US West Coast fishing industry requests review of sea otter reintroduction
Major players in the U.S. West Coast fishing industry sent a letter to the U.S. Fish and Wildlife Service (USFWS) on Thursday, 12 August, requesting a thorough review of how a proposed sea otter reintroduction might affect the region’s fisheries and coastal economies.
A bill signed last year by former U.S. President Donald Trump gave USFWS until the end of 2021 to assess the impact a West Coast sea otter reintroduction might have on the region.

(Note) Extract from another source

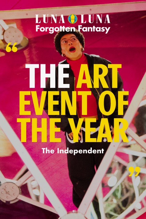 Housed within a 60,000-square-foot warehouse complex, Luna Luna: Forgotten Fantasy unravels the tale of the most fantastical fairground the world has ever known. The immersive experience invites visitors of all ages to feast their eyes on rides and attractions rescued from the original 1987 park while learning how Luna Luna was created, lost, and reborn through story-driven installations. On evenings and weekends, performers, including stilt-walkers, jugglers, and puppeteers from Bob Baker's Marionettes, roam the grounds of Luna Luna: Forgotten Fantasy as a playful homage to the original park.

The 18-page letter, however, says stakeholders have had little to do with the assessment. It outlines concerns that voracious sea otter populations could gobble up lucrative Dungeness crab stocks as well as sea urchins, clams, and other bivalves.
“Sea otters are considered a keystone species, one that has large-scale ecosystem effects disproportionate to their individual size and abundance. They do not store fat, so their metabolic requirements are such that they must continually forage, and populations of otters exist in a perpetual state of density-dependent resource limitation. Individual adult otters eat 15 to 25 pounds of food every day, and they are capable of opportunistically shifting prey choices,” the letter reads.
Lori Steele, the executive director of the West Coast Seafood Processors Association and one of the letter’s undersigners, questioned whether interested parties will get to take part in the process as time runs out on the study.
“This study needs to be completed in the next four months. Will affected stakeholders and the public have time to provide input and review the study before it’s finalized? Likely not. Still, it will require significant effort on behalf of the Fish and Wildlife Service to address the important details. Our letter outlines some of those details,” Steele said.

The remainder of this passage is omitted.